This week is a short school week due to the Chinese New Year holidays. This year I remembered to stock up on some essentials and produce ahead of the 4-day celebrations. I forgot to do this last year and we had to rummage through the pantry stocks for our meals. We could not really go out as most of the restaurants were closed (except for the ever-ready fast food places) and those that were open tended to be crowded and overpriced. Not fun! My mum told me that during her time, the shops were closed for even longer – up to 10 days!
Wed – Mini Hamburgers, Tomato Macaroni, steamed broccoli and golden honey tomatoes
Thurs -Twice Baked Cheesy Potatoes, steamed sweet peas and golden honey tomatoes
Fri – Masala Rice with Quail Eggs, steamed broccoli and grape cup
The mini hamburgers were adapted from the Just Bento Cookbook (again!). The cheesy potatoes were from the Seriously Good! Cooking for Kids book (again!). Both were good but the best recipe for the week was the Masala Rice. An aromatic, warmly spiced vegetable and rice dish, the Masala Bhaat/Rice is versatile, easy to cook and very nutritious. The dish was traditionally part of Maharastrian wedding but it is now a popular one-dish meal. The recipe was from the Bombay Brasserie Cookbook that I got from a library booksale. The book features recipes from the famous Indian restaurant in London and it could have been the kind of cookbook that was nice to look at but not really practical for the home-cook. But this was so not the case. The book was well-written, the recipes were easy to follow and most feature ingredients that are easily available.

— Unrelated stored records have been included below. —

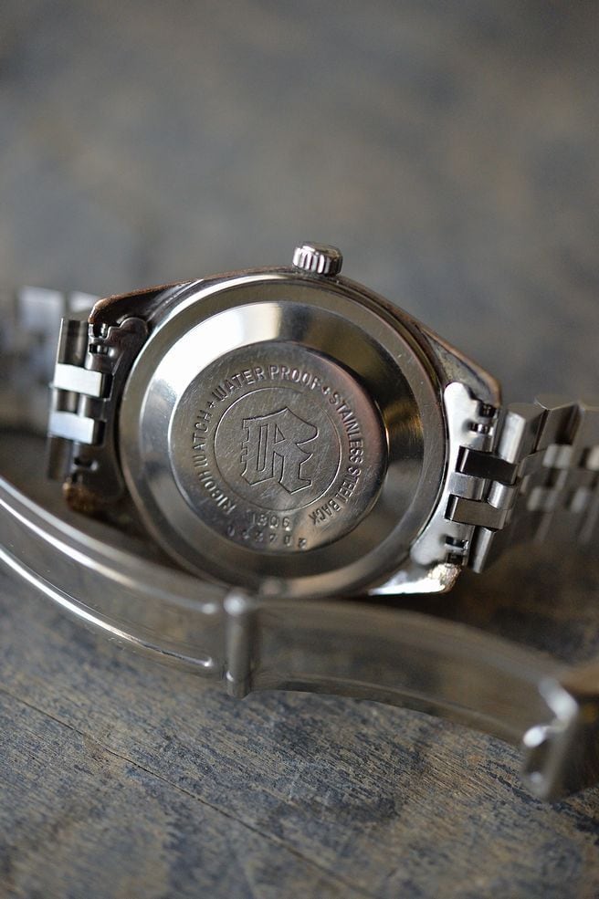 インデックスはバーですが、細かなカッティングがされていて、光の加減で様々な表情を見せています。メーカーとモデルネームはブラックプリント、ロゴマークはやや経年で劣化して薄くなっていますが、なんともいえない雰囲気です。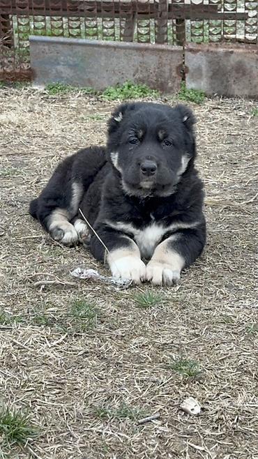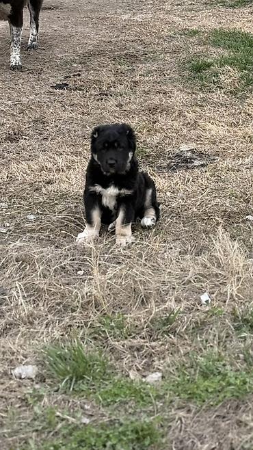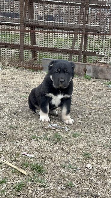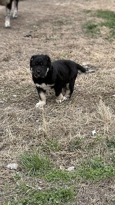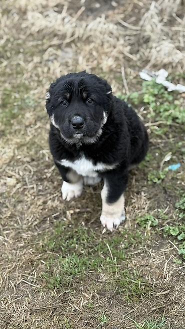 Щенок крупной породы, черного окраса с белыми и светло-подпалыми отметинами. Плотный костяк, широкая грудь, мощная голова, короткие уши, густая шерсть. Спокойный, уравновешенный темперамент, внимательный к человеку. Отлично подойдёт для охраны подворья и двора, быстро осваивает территорию, уверенно держится на улице.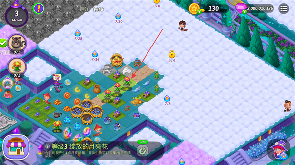 2、合并成长的魔法菇田,使其升级,产生资源,推进任务。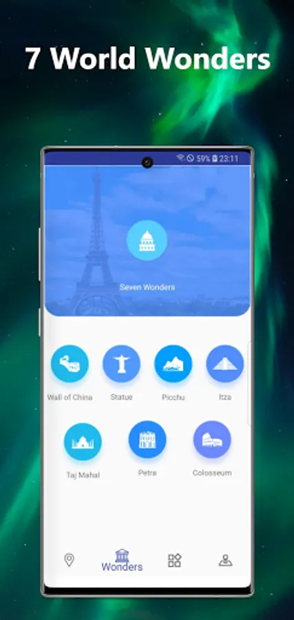 7 World Wonders sections has a list of 7 world wonders along with their 3d view and directions. The 7 world wonders are: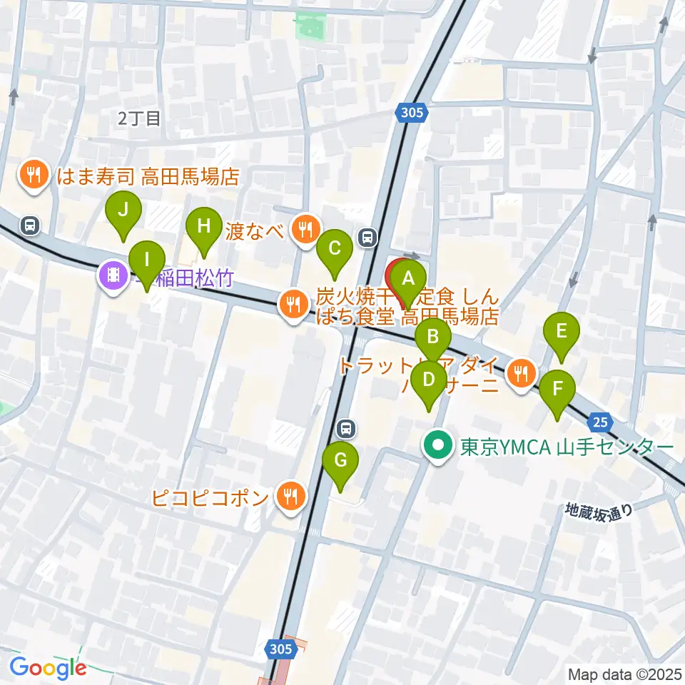 高田馬場新堀ギター音楽院周辺のカフェ一覧地図
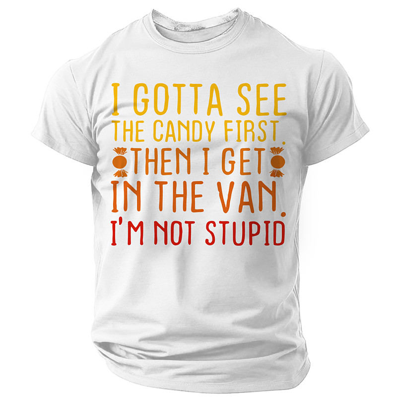 Men's Graphic T-Shirt: Funny 'I Gotta See The Candy First, Then I Get In The Van, I'm Not Stupid' Sarcastic Short Sleeve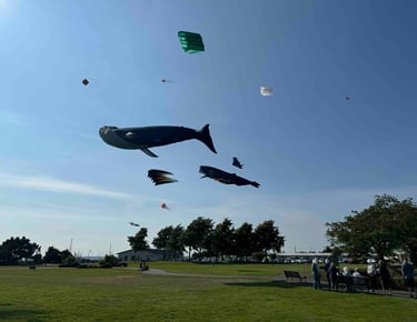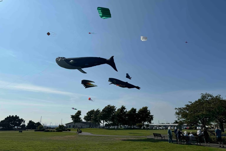 Bellingham stole our hearts. The waterfront views were stunning, and the giant kites — shaped like whales and other whimsical creatures — were mesmerizing. The kids were gifted two kites from local kite enthusiasts, which made the moment even more special.

The book also introduces dishes from the various Indian regions and includes some of the chefs’ specialities.
Masala Bhaat/Rice (Adapted from The Bombay Brasserie Cookbook)
You can use any mix of vegetables that you like or make it simpler by just using only 1 type of vegetable.
1 1/2 cups basmati rice (washed in a few changes of water and then soaked in salted water for 20 min)
4-5 curry leaves
3 green cardamon pods
1 dried bay leaf
1 cm piece of cinnamon
2 green chillies (slit)
1 medium onion (finely chopped)
1 tsp ginger-garlic paste
1 1/2 tsp ground coriander
1/2 tsp ground turmeric
2 cups vegetables (I used pumpkin, cauliflower, carrots and green peas but you can also use potatoes, mushrooms, green beans, etc. Just make sure that the vegetables are cut to about the same size)
Grated coconut and chopped fresh coriander to garnish (optional)
Heat 2 tbsp of vegetable oil in a pan and add the curry leaves, cardamon, bay leaf and cinnamon (be careful as they may splutter). Stir for a few seconds and then add the onion. Stir til softened and turn light golden. Add the ginger-garlic paste and the ground spices. Stir-fry for about 2 min. Add salt to taste. Stir in the vegetables and the rice, making sure that the mixture is well-mixed. Pour the mixture into your rice cooker and let cook til done. Fluff with a fork and garnish if using.
The rice is also delicious served at room temperature and I love it with a dollop of plain yoghurt.